Electronic – How to protect against voltage surges from sensors

currentcurrent measurementtransformer

I'm attempting to use a CT to measure AC current. I got a lot of information in this answer to another question which led me to huge amount investigation.

I want to measure the current in use by an AC appliance from a 5V ADC chip (e.g. an arduino, but I've got a couple different things, so it might be an arduino itself).

My first attempt involved taking the output of a CT, hooking it up to a bridge rectifier, grabbing a 10k resister and measuring the value relative to 5V off the ADC. My test appliance is a lamp with a 75W bulb. It basically worked, but was giving me "off the chart" numbers when I turned on the lamp. This made me think something bad was happening.

The other poster suggested I put a 3300 Ohm resistor across the voltage of the output. The expectation was that I'd get 680mV. Doing this with my old DMM wasn't giving me much information, so I ordered an oscilloscope and decided to see what was really going on.

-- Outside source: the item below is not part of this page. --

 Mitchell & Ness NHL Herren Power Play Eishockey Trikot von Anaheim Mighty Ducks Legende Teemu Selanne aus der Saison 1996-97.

This is basically my story of attempting that.

turning on the light with a 3300 Ohm CT reading

While the voltage seems to go slightly negative, the difference between my minimum and maximum seems to be the predicted 680mV. However, you can see a giant spike of 7.12V when the device is actually turned on.

I'd like to not plug 7.12V into the 5V ADC, so how might I go about suppressing that?

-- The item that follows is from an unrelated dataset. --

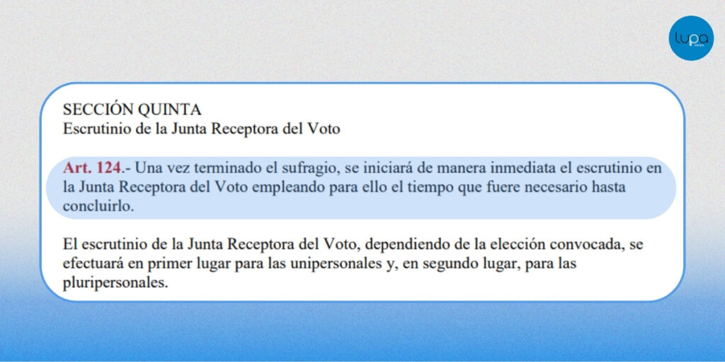 - El artículo 124 del Código de la Democracia establece que, una vez terminado el sufragio, el escrutinio en la Junta Receptora del Voto debe iniciarse de forma inmediata.

(I'd also like to level out the results so I can get a solid read, but that's a different problem I'll try to solve after preventing chip explosions when switches flip)

Best Answer

A typical and simple solution is a schottky diode (low forward voltage drop) from your signal line to +5V (anode to signal, cathode to +5V) will limit the voltage spikes to a few 100mV above +5V.
Similarly a diode to ground (cathode to signal, anode to ground) can prevent negative swings.

For something like a CT that is capable of huge voltage spikes, a TVS (transient voltage suppressor) instead or as well as the diodes might be a good idea too.

I would suggest a buffer (e.g. non inverting opamp, unity gain) in between your CT output and ADC. This would add a stage of protection before your ADC. You can use the diodes on it's inputs to protect it, and if you power it from +5V it is guaranteed not to swing higher than the ADC can handle. Also you could add a few gain taps (e.g. 1,5,10,etc) to switch between for different current ranges - this way you will be able to use the full range of the ADC better.
For instance your 680mV signal is only using (0.68V / 5V) * 100 = 13.6 % of the ADCs range. For an 8-bit ADC this equates to ~35 out of 256, 680mV / 35 = 19mV per ADC step (e.g. 00000001 = 19mV, 00000010 = 38mV, etc). If you had a gain tap of 5 (e.g 0.68V * 5 = 3.4V) it would be more like 4mV per step.